§ **Data**:
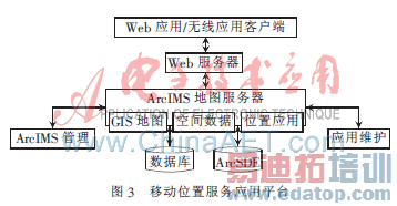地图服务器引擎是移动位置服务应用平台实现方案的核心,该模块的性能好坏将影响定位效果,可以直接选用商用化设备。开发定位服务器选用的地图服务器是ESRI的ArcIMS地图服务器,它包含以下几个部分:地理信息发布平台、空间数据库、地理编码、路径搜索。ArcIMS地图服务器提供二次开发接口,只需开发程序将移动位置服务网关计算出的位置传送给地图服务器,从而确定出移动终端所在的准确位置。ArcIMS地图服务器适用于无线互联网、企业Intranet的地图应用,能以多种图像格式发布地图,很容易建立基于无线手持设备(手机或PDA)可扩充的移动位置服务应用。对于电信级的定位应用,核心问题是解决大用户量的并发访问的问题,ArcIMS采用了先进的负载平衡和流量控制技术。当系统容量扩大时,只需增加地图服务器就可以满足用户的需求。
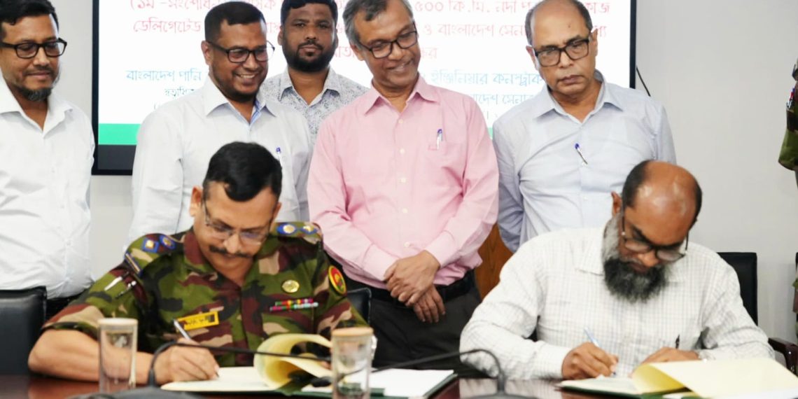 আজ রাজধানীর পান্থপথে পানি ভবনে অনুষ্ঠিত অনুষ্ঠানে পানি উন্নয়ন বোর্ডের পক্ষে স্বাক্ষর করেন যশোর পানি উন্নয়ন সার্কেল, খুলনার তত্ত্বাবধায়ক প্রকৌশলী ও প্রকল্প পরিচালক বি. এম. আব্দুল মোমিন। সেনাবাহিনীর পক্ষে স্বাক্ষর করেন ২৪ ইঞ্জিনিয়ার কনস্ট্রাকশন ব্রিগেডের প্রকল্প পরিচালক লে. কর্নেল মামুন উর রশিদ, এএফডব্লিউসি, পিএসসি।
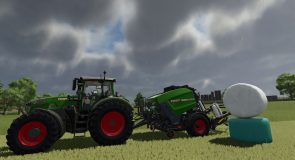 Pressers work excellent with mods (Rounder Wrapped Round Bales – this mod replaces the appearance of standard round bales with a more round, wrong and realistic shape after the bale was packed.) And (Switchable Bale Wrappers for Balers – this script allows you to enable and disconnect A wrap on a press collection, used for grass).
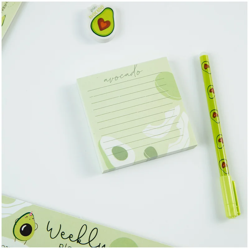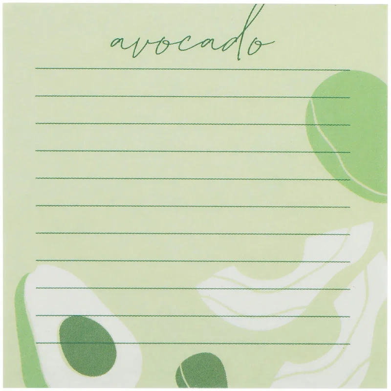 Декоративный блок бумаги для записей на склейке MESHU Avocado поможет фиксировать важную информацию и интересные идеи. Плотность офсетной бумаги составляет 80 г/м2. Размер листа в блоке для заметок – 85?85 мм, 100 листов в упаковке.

§ **About this exercise**:
Leave the pictures out and copy the rest of the data exactly.

§ **Worked solution**:
地图服务器引擎是移动位置服务应用平台实现方案的核心,该模块的性能好坏将影响定位效果,可以直接选用商用化设备。开发定位服务器选用的地图服务器是ESRI的ArcIMS地图服务器,它包含以下几个部分:地理信息发布平台、空间数据库、地理编码、路径搜索。ArcIMS地图服务器提供二次开发接口,只需开发程序将移动位置服务网关计算出的位置传送给地图服务器,从而确定出移动终端所在的准确位置。ArcIMS地图服务器适用于无线互联网、企业Intranet的地图应用,能以多种图像格式发布地图,很容易建立基于无线手持设备(手机或PDA)可扩充的移动位置服务应用。对于电信级的定位应用,核心问题是解决大用户量的并发访问的问题,ArcIMS采用了先进的负载平衡和流量控制技术。当系统容量扩大时,只需增加地图服务器就可以满足用户的需求。
 আজ রাজধানীর পান্থপথে পানি ভবনে অনুষ্ঠিত অনুষ্ঠানে পানি উন্নয়ন বোর্ডের পক্ষে স্বাক্ষর করেন যশোর পানি উন্নয়ন সার্কেল, খুলনার তত্ত্বাবধায়ক প্রকৌশলী ও প্রকল্প পরিচালক বি. এম. আব্দুল মোমিন। সেনাবাহিনীর পক্ষে স্বাক্ষর করেন ২৪ ইঞ্জিনিয়ার কনস্ট্রাকশন ব্রিগেডের প্রকল্প পরিচালক লে. কর্নেল মামুন উর রশিদ, এএফডব্লিউসি, পিএসসি।
 Pressers work excellent with mods (Rounder Wrapped Round Bales – this mod replaces the appearance of standard round bales with a more round, wrong and realistic shape after the bale was packed.) And (Switchable Bale Wrappers for Balers – this script allows you to enable and disconnect A wrap on a press collection, used for grass).
 Декоративный блок бумаги для записей на склейке MESHU Avocado поможет фиксировать важную информацию и интересные идеи. Плотность офсетной бумаги составляет 80 г/м2. Размер листа в блоке для заметок – 85?85 мм, 100 листов в упаковке.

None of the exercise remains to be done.